PRANA Biotechnology Completes Phase 2 Huntington Disease Trial With PBT2

MELBOURNE, AUSTRALIA--(Marketwired - July 23, 2013) - Prana Biotechnology (NASDAQ: PRAN) (ASX: PBT) today announced the successful completion of Reach2HD, a phase 2 clinical trial in patients with early to mid-stage Huntington disease. The Company expects to announce the results arising from the trial in October.

Reach2HD is a randomised, double-blind, placebo-controlled Phase 2 trial testing the safety and efficacy of PBT2, the Company's lead compound under development for both Huntington disease and Alzheimer's disease.

"We have been extremely pleased with the conduct of the trial, at all levels including recruitment and patient retention," said Dr. Ray Dorsey, Principal Investigator of the Reach2HD study and Director of the Huntington Study Group Coordination Center.

Reach2HD had planned to recruit 100 patients with Huntington disease in 9 months. In fact, 109 participants were enrolled in the trial within that period. "The strong rate of recruitment reflects support for the Reach2HD trial within the Huntington disease clinical research community," said Dr Dorsey. Of the 109 enrolled, 104 patients completed the trial, reflecting a retention rate of over 95%.

A Data Safety Monitoring Board met on five occasions throughout the trial and on each occasion recommended that no changes or modifications to the study protocol be made based on their review of the safety data.

The primary outcome of the trial is safety and tolerability. The trial also includes a number of secondary outcome measures from the cognitive, motor and behavioural domains affected in Huntington disease. A positive result of Reach2HD will identify signals of therapeutic benefit in one or more of the domains measured, which will inform the design of the next clinical trial.

Mr. Geoffrey Kempler, Prana's Chairman and CEO, said: "Assuming we achieve the positive results we are hoping for in Reach2HD, we plan to meet with the US regulator, the Food and Drug Administration, and other regulatory agencies to discuss the next steps in the clinical development of PBT2 for the treatment of Huntington disease."

"We plan to discuss the design of the next trial and agree on a set of clinical outcomes that, when achieved, will allow us to submit a New Drug Application for approval to start to market PBT2 for Huntington disease."

Huntington disease is a complex and severely debilitating genetic, neurodegenerative disease, for which there is no cure. The disease often affects young adults and, whilst associated with severe physical movement symptoms, progressively impacts the mind and emotions as well. The disease causes incapacitation and death about 15-25 years after onset. The disease affects over 30,000 people in the US and 70,000 worldwide.

The Huntington Study Group (HSG) collaborated with Prana to coordinate the Reach2HD trial across 20 sites in the USA and Australia.

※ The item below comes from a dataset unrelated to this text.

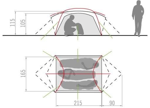 • Außenzelt: 100% Polyamid; 40 D Ripstop both sides Silicone coated 3.000 mm;

About Prana Biotechnology Limited
Prana Biotechnology was established to commercialize research into age-related neurodegenerative disorders. The Company was incorporated in 1997 and listed on the Australian Securities Exchange in March 2000 and listed on NASDAQ in September 2002. Researchers at prominent international institutions including The University of Melbourne, The Mental Health Research Institute (Melbourne) and Massachusetts General Hospital, a teaching hospital of Harvard Medical School, contributed to the discovery of Prana's technology.

For further information please visit the Company's web site at www.pranabio.com.

Forward Looking Statements
This press release contains "forward-looking statements" within the meaning of section 27A of the Securities Act of 1933 and section 21E of the Securities Exchange Act of 1934. The Company has tried to identify such forward-looking statements by use of such words as "expects," "intends," "hopes," "anticipates," "believes," "could," "may," "evidences" and "estimates," and other similar expressions, but these words are not the exclusive means of identifying such statements. Such statements include, but are not limited to any statements relating to the Company's drug development program, including, but not limited to the initiation, progress and outcomes of clinical trials of the Company's drug development program, including, but not limited to, PBT2, and any other statements that are not historical facts. Such statements involve risks and uncertainties, including, but not limited to, those risks and uncertainties relating to the difficulties or delays in financing, development, testing, regulatory approval, production and marketing of the Company's drug components, including, but not limited to, PBT2, the ability of the Company to procure additional future sources of financing, unexpected adverse side effects or inadequate therapeutic efficacy of the Company's drug compounds, including, but not limited to, PBT2, that could slow or prevent products coming to market, the uncertainty of patent protection for the Company's intellectual property or trade secrets, including, but not limited to, the intellectual property relating to PBT2, and other risks detailed from time to time in the filings the Company makes with Securities and Exchange Commission including its annual reports on Form 20-F and its reports on Form 6-K. Such statements are based on management's current expectations, but actual results may differ materially due to various factions including those risks and uncertainties mentioned or referred to in this press release. Accordingly, you should not rely on those forward-looking statements as a prediction of actual future results.